TASK DIRECTIONS:
Copy out exactly the stretch below, from the line with "declaratie pe proprie" through the line with "NOTICE is hereby", both included; the pictures stay out.

Saved data entries
···
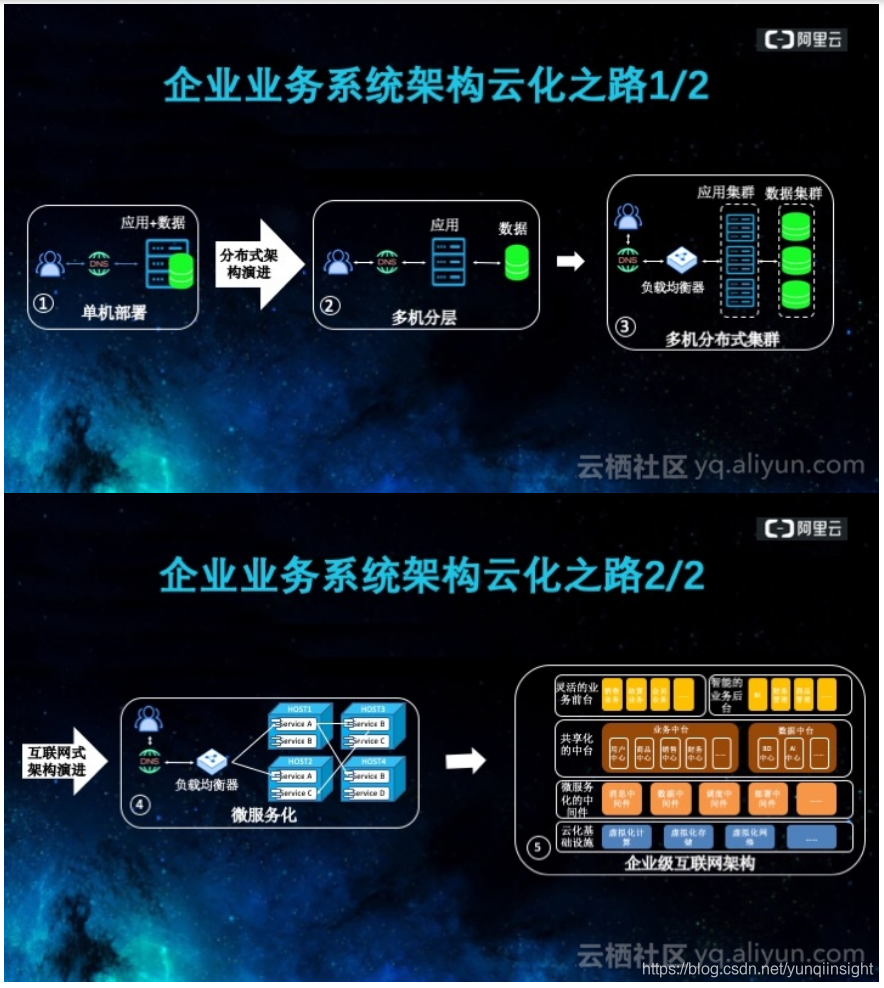 对应阿里云的系统架构转变,最开始的时候业务都是应用和数据一体化的单机部署方式,到后面应用和数据分层、多级分层部署,再到分布式的集群,以及到现在越来越应用广泛的微服务化的改造,在这个过程中可以看到应用和应用之间,应用和数据之间弹性越来越高。
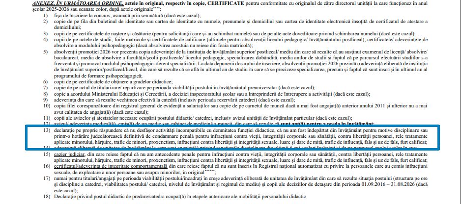 "13) declaratie pe proprie raspundere ca nu desfasor activitati incompatibile cu demnitatea functiei didactice, ca nu am fost indepartat din invatamant pentru motive disciplinare sau printr-o hotarare judecatoreasca definitiva de condamnare penala pentru infractiuni contra vietii, integritatii corporale sau sanatatii, contra libertatii persoanei, rele tratamente aplicate minorului, hartuire, trafic de minori, proxenetism, infractiuni contra libertatii si integritatii sexuale, luare si dare de mita, trafic de influenta, fals si uz de fals, furt calificat"
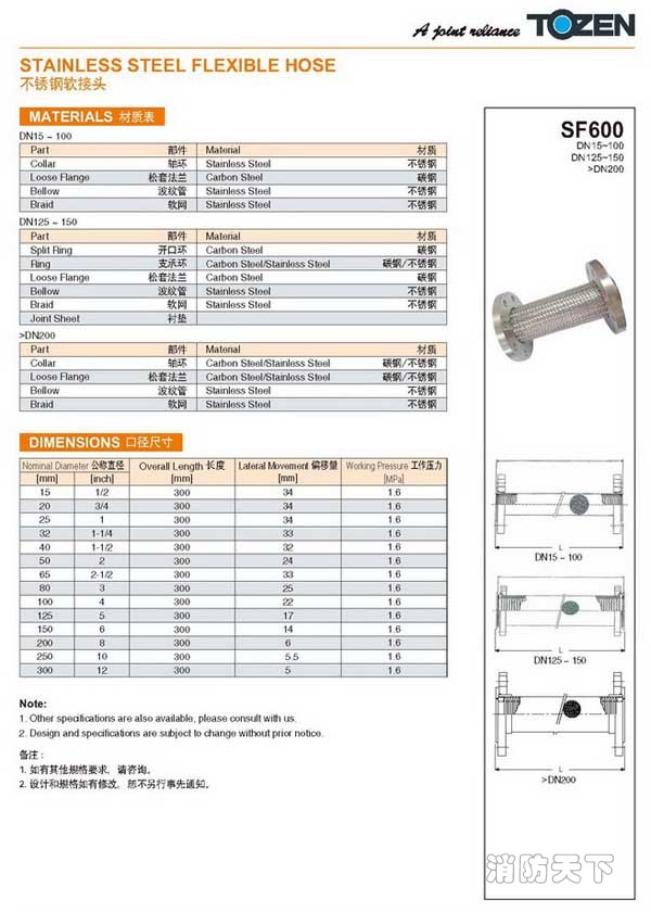 TOZEN SF600不銹鋼金屬軟接頭是一種柔性耐壓管件安裝于液體輸送系統(tǒng)中,用以補(bǔ)償管道或機(jī)器、設(shè)備連接端的相互位移,吸收振動(dòng)能量,能夠起到減振、消音等作用,具有柔性好、質(zhì)量輕、耐腐蝕、抗疲勞、耐高低溫等多項(xiàng)有點(diǎn)。
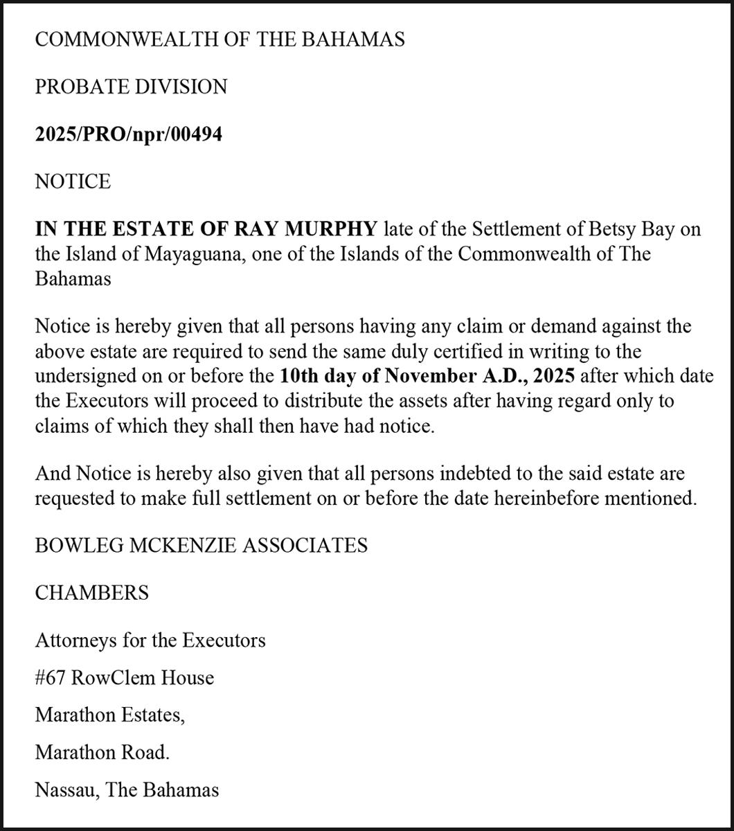 NOTICE is hereby given that KENNETH OKHUAROBO of Carmichael Road, Nassau, The Bahamas is applying to the Minister responsible for Nationality and Citizenship, for Registration/Naturalization as a citizen of The Bahamas, and that any person who knows any reason why registration/naturalization should not be granted, should send a written and signed statement of the facts within twenty-eight days from the 9th day of October 2025 to the Minister responsible for nationality and Citizenship, P.O. Box N-7147, Nassau, New Providence, Bahamas.
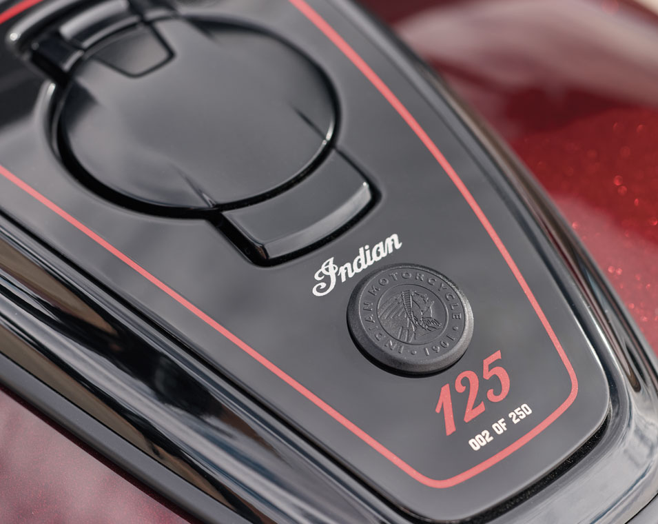 A partir de 19 590 €La Chief Vintage Édition 125e Anniversaire s’inspire des modèles qui ont marqué la moto américaine dans les années 40 et 50. Ses garde-boue enveloppants, sa coiffe éclairée emblématique, ses finitions moteur argentées, ainsi que son guidon et sa selle d’inspiration vintage, composent une silhouette intemporelle, complétée par des détails peints à la main et des badges du 125e anniversaire.
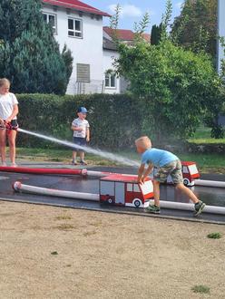 Das neue Wasserspiel fand begeisterten Zuspruch dank Kamerad Andreas Matzke. Tolle Idee und Umsetzung.
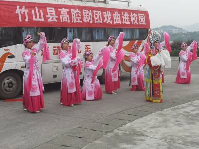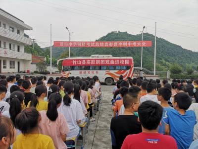7月10日,竹山县高腔剧团来到潘口乡中学,开展戏曲进校园活动,为该校七年级师生送上了一道丰盛的文化大餐。
···
SOLUTION TO THE EXERCISE:
 "13) declaratie pe proprie raspundere ca nu desfasor activitati incompatibile cu demnitatea functiei didactice, ca nu am fost indepartat din invatamant pentru motive disciplinare sau printr-o hotarare judecatoreasca definitiva de condamnare penala pentru infractiuni contra vietii, integritatii corporale sau sanatatii, contra libertatii persoanei, rele tratamente aplicate minorului, hartuire, trafic de minori, proxenetism, infractiuni contra libertatii si integritatii sexuale, luare si dare de mita, trafic de influenta, fals si uz de fals, furt calificat"
 TOZEN SF600不銹鋼金屬軟接頭是一種柔性耐壓管件安裝于液體輸送系統(tǒng)中,用以補(bǔ)償管道或機(jī)器、設(shè)備連接端的相互位移,吸收振動(dòng)能量,能夠起到減振、消音等作用,具有柔性好、質(zhì)量輕、耐腐蝕、抗疲勞、耐高低溫等多項(xiàng)有點(diǎn)。
 NOTICE is hereby given that KENNETH OKHUAROBO of Carmichael Road, Nassau, The Bahamas is applying to the Minister responsible for Nationality and Citizenship, for Registration/Naturalization as a citizen of The Bahamas, and that any person who knows any reason why registration/naturalization should not be granted, should send a written and signed statement of the facts within twenty-eight days from the 9th day of October 2025 to the Minister responsible for nationality and Citizenship, P.O. Box N-7147, Nassau, New Providence, Bahamas.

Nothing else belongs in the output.